## What you are asked to do
Repeat, word for word, every line from the line holding "蓮根をよく洗い、上下を切り、厚めに切る(皮は剥かない/水にさらさない)" through the final line of the entries below. Skip all pictures.

[[ Input material, beginning ]]

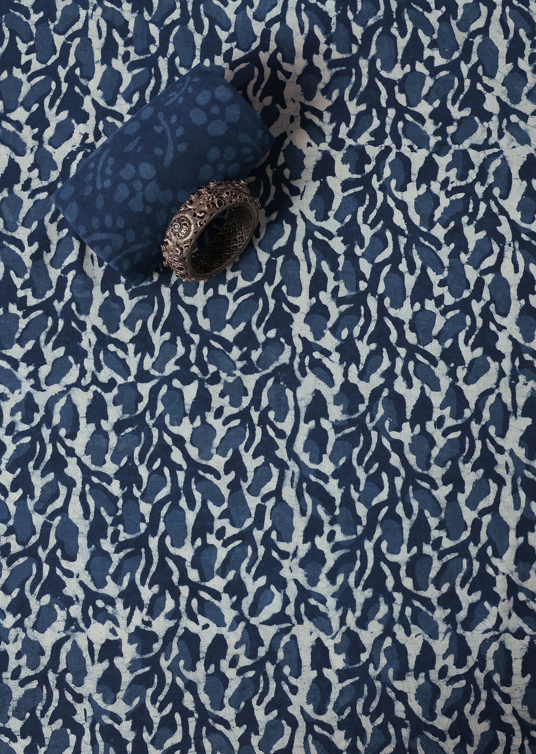 - This enchanting Indigo Blue Batik dress material, hand block printed with abstract patterns, and festive twirls, and vibrant celebrations.
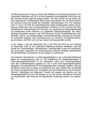 Landtag von Sachsen-Anhalt Drucksache 7/6852 13.11.2020 Antwort der Landesregierung auf eine Kleine Anfrage zur schrift- lichen Beantwortung Abgeordneter Thomas Höse (AfD) Straftaten und Ordnungswidrigkeiten in Wittenberg Kleine Anfrage - KA 7/4049 Vorbemerkung des Fragestellenden: In meinem Wahlkreis häufen sich die Beschwerden von Bürgern, die sich in ihrem Wohngebiet in Wittenberg nicht mehr sicher beziehungsweise belästigt fühlen. So hätten sich insbesondere der Platz der Demokratie, die Kreuzstraße, der Pferdestall, die Wallanlagen und der Hauptbahnhof zu Schwerpunkten entwickelt, an denen es vermehrt zu Ordnungswidrigkeiten und Straftaten kam, die das Sicherheitsempfinden der Wittenberger Bürger stark beeinträchtigen. Antwort der Landesregierung erstellt vom Ministerium für Inneres und Sport Zu wie vielen Einsätzen durch Polizei und Ordnungsamt ist es seit 2015 in der Lutherstadt Wittenberg infolge Straftaten und Ordnungswidrigkeiten gekom- men, die von Personen mit Migrationshintergrund, Asylbewerbern und Perso- nen mit abgelehntem Asylantrag begangen wurden? Bitte schlüsseln Sie nach Jahren und Art der Ordnungswidrigkeit beziehungs- weise Straftat auf. Die polizeiliche Einsatzdokumentation erfolgt im Integrierten Vorgangsbearbeitungs- system für die Polizei des Landes Sachsen-Anhalt (IVOPOL). Zur Einsatzdokumenta- tion im IVOPOL erfolgt keine Erfassung der angefragten personenbezogenen Krite- rien. Die Gesamtzahl an polizeilichen Einsätzen im Zusammenhang mit Straftaten und Ordnungswidrigkeiten, die von Personen mit Migrationshintergrund, Asylbewer- bern und Personen mit abgelehntem Asylantrag in der Lutherstadt Wittenberg be- gangen wurden, kann daher nicht beauskunftet werden. (Ausgegeben am 13.11.2020)
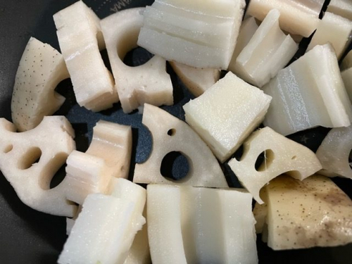 蓮根をよく洗い、上下を切り、厚めに切る(皮は剥かない/水にさらさない)
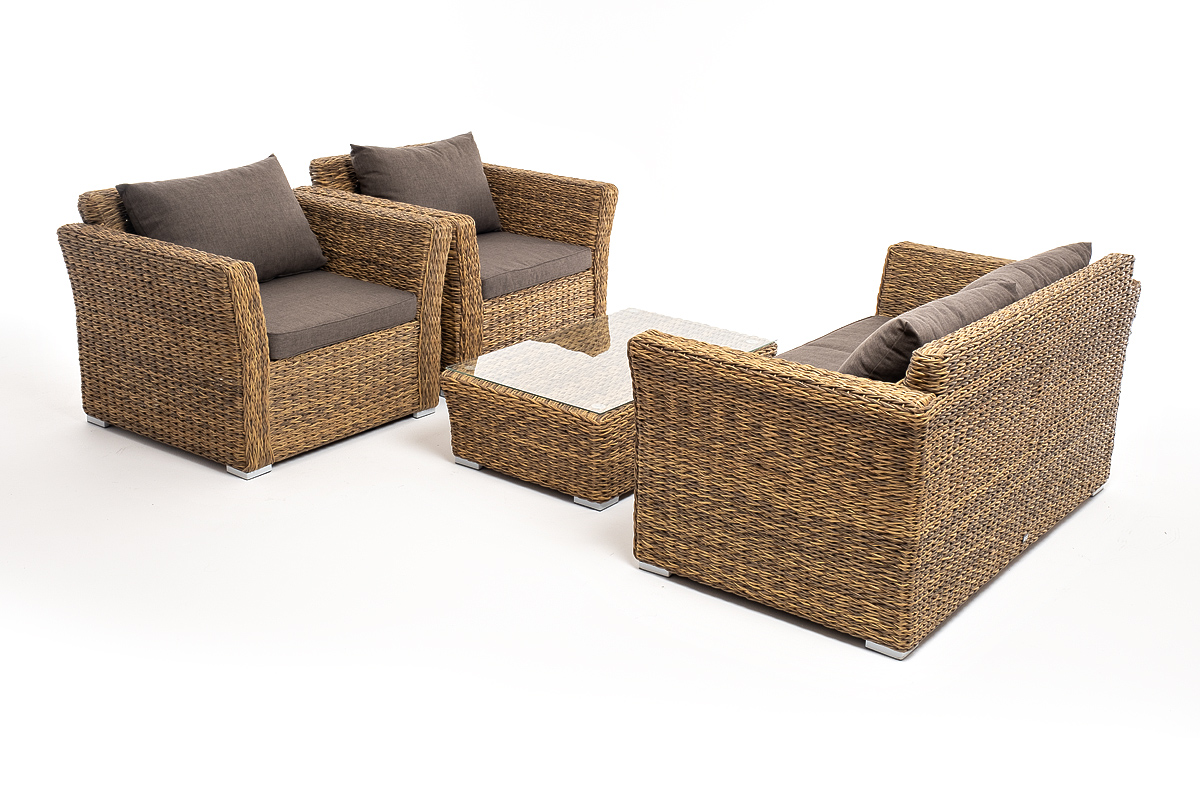 Прочный алюминиевый каркас усиливает устойчивость мебели. Его дополняет соломенная оплетка, которая представлена из искусственного ротанга вида "гиацинт".
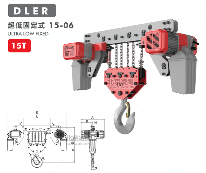 產品名稱:15噸超低固定式DLEK環鏈電動葫蘆
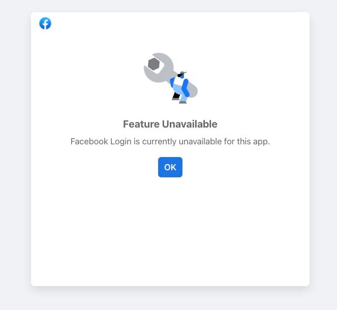 Помилка входу "Facebook Login is currently unavailable for this app"
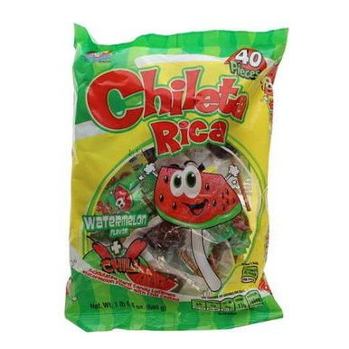 INGREDIENTS: SUGAR, CORN SYRUP, CITRIC ACID, GUAJILLO CHILI, IODIZED SALT, ARTIFICIAL WATERMELON FLAVOR, ARTIFICIAL COLORS (FD&C RED 40, FD&C YELLOW 5, FD&C BLUE 1), TITANIUM DIOXIDE, SOY LECITHIN.

[[ Input material, end ]]

## Answer area
 蓮根をよく洗い、上下を切り、厚めに切る(皮は剥かない/水にさらさない)
 Прочный алюминиевый каркас усиливает устойчивость мебели. Его дополняет соломенная оплетка, которая представлена из искусственного ротанга вида "гиацинт".
 產品名稱:15噸超低固定式DLEK環鏈電動葫蘆
 Помилка входу "Facebook Login is currently unavailable for this app"
 INGREDIENTS: SUGAR, CORN SYRUP, CITRIC ACID, GUAJILLO CHILI, IODIZED SALT, ARTIFICIAL WATERMELON FLAVOR, ARTIFICIAL COLORS (FD&C RED 40, FD&C YELLOW 5, FD&C BLUE 1), TITANIUM DIOXIDE, SOY LECITHIN.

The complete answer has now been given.